> [DATA]:
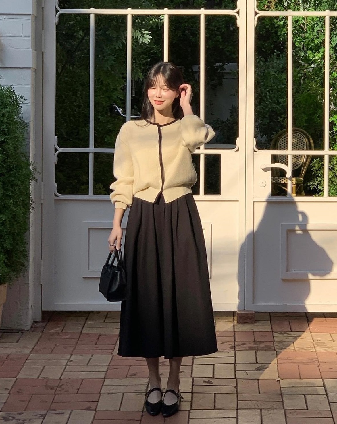 Áo cardigan và chân váy dài sẽ mang đến cho chị em vẻ ngoài nữ tính, dịu dàng. Đây là công thức nàng nào cũng có thể chinh phục được. Tổng thể trang phục trở nên yêu kiều hơn khi được tô điểm một đôi Mary Jane.
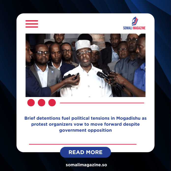 Subheadline: Brief detentions fuel political tensions in Mogadishu as protest organizers vow to move forward despite government opposition
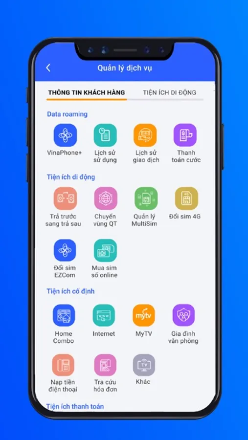 - Đăng ký dịch vụ internet, truyền hình, đăng ký gói cước di động… ngay trên ứng dụng.
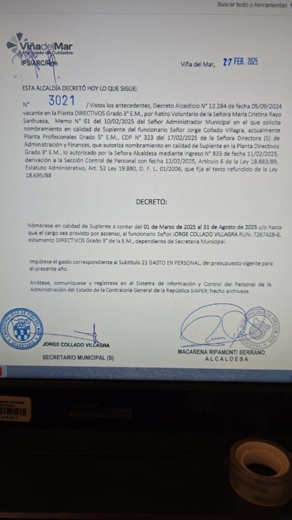 Un oficio de la Contraloría Regional de Valparaíso ha ordenado a la Municipalidad de Viña del Mar a nombrar a un secretario municipal titular en un plazo de quince días hábiles. Esta instrucción se emite luego de que el ente contralor desestimara la solicitud de ascenso de Jorge Cafena Garfe, un funcionario que aspiraba a ocupar ese mismo puesto.

> [ASSIGNMENT]: Restate word for word each line from the one containing "- Đăng ký dịch" through the end of the material, pictures excluded.

> [SOLUTION TO THIS PROBLEM]:
 - Đăng ký dịch vụ internet, truyền hình, đăng ký gói cước di động… ngay trên ứng dụng.
 Un oficio de la Contraloría Regional de Valparaíso ha ordenado a la Municipalidad de Viña del Mar a nombrar a un secretario municipal titular en un plazo de quince días hábiles. Esta instrucción se emite luego de que el ente contralor desestimara la solicitud de ascenso de Jorge Cafena Garfe, un funcionario que aspiraba a ocupar ese mismo puesto.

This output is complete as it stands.